Lloyd smiled. ‘Very witty, but is it true?’

‘There’s something in it. In the last war he was responsible for the Dardanelles campaign, which was a terrible defeat for us. Now he’s pushed us into the Norwegian adventure,
another failure. He’s a fine orator, but the evidence suggests he has a tendency to wishful thinking.’

Lloyd said: ‘He was right about the need to rearm in the thirties – when everyone else was against it, including the Labour Party.’

‘Churchill will be calling for rearmament in Paradise, when the lion lies down with the lamb.’

‘I think we need someone with an aggressive streak. We want a prime minister who will bark, not whimper.’

‘Well, you may get your wish. The tellers are coming back.’

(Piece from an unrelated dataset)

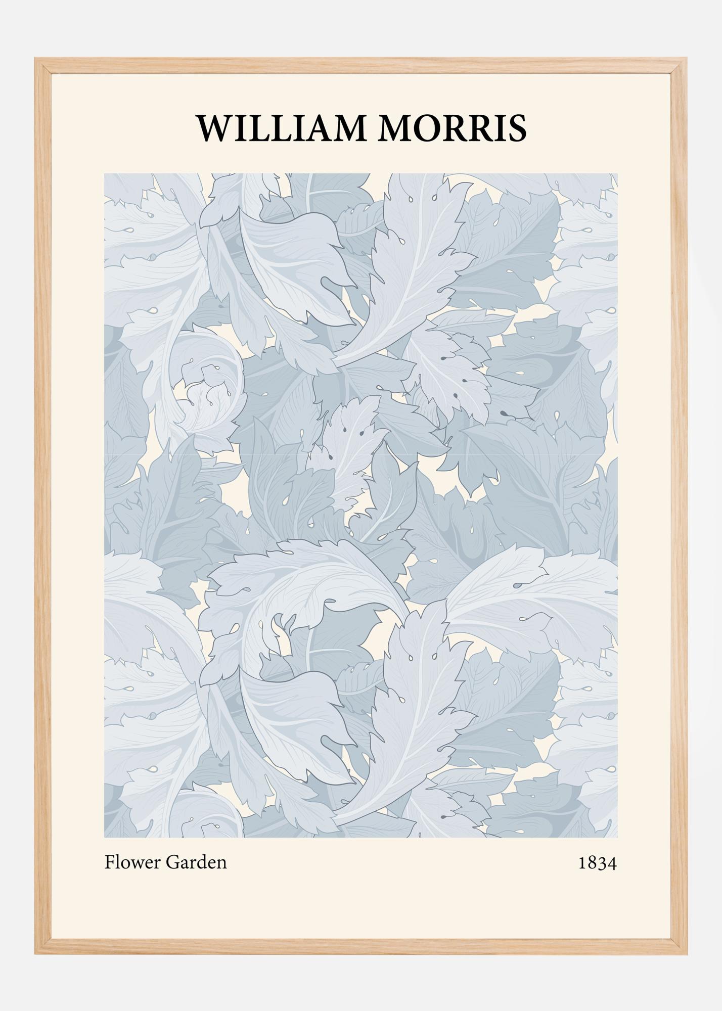 Z atmosferą spokoju i elegancji, ten plakat Williama Morrisa prezentuje symfonię delikatnych liści w chłodnej i kojącej palecie kolorów. "Ogród Kwiatowy" jak sugeruje tytuł, uchwyca istotę bujnego i cichego ogrodu poprzez swój szczegółowy wzór liści, który przepływa po powierzchni z delikatnym rytmem. Paleta kolorów jest starannie dobrana, aby odzwierciedlać subtelne piękno natury i obejmuje niebieski jak niebo, zielony liściowy i blade kremowe kolory, które razem tworzą harmonijną i zrównoważoną estetykę.

The votes were announced. The Ayes had 280, the Noes 200. Chamberlain had won. There was uproar in the chamber. The Prime Minister’s supporters cheered, but others yelled at him to
resign.

Lloyd was bitterly disappointed. ‘How can they want to keep him, after all that?’

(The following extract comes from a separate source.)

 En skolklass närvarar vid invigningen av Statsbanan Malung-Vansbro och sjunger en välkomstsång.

‘Don’t jump to conclusions,’ said Bernie as the Prime Minister left and the noise subsided. Bernie was making calculations with a pencil in the margin of the
Evening
News
. ‘The government usually has a majority of about two hundred and forty. That’s dropped to eighty.’ He scribbled numbers, adding and subtracting. ‘Taking a rough
guess at the number of MPs absent, I reckon about forty of the government’s supporters voted against Chamberlain, and another sixty abstained. That’s a terrible blow to a prime minister
– a hundred of his colleagues don’t have confidence in him.’

‘But is it enough to force him to resign?’ Lloyd said impatiently.

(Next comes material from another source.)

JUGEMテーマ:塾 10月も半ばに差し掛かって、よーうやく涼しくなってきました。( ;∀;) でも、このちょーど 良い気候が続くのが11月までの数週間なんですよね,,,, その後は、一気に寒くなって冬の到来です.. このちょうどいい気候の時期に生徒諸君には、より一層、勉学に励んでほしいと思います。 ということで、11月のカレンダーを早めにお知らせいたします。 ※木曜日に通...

Bernie spread his arms in a gesture of surrender. ‘I don’t know,’ he said.

(vi)

Next day Lloyd, Ethel, Bernie and Billy went to Bournemouth by train.

The carriage was full of delegates from all over Britain. They all spent the entire journey discussing last night’s debate and the future of the Prime Minister, in accents ranging from the
harsh chop of Glasgow to the swerve and swoop of Cockney. Once again Lloyd had no chance to raise with his mother the subject that was haunting him.

Like most delegates, they could not afford the swanky hotels on the clifftops, so they stayed in a boarding house on the outskirts. That evening the four of them went to a pub and sat in a quiet
corner, and Lloyd saw his chance.

Bernie bought a round of drinks. Ethel wondered aloud what was happening to her friend Maud in Berlin: she no longer got news, for the war had ended the postal service between Germany and
Britain.

Lloyd sipped his pint of beer then said firmly: ‘I’d like to know more about my real father.’

Ethel said sharply: ‘Bernie is your father.’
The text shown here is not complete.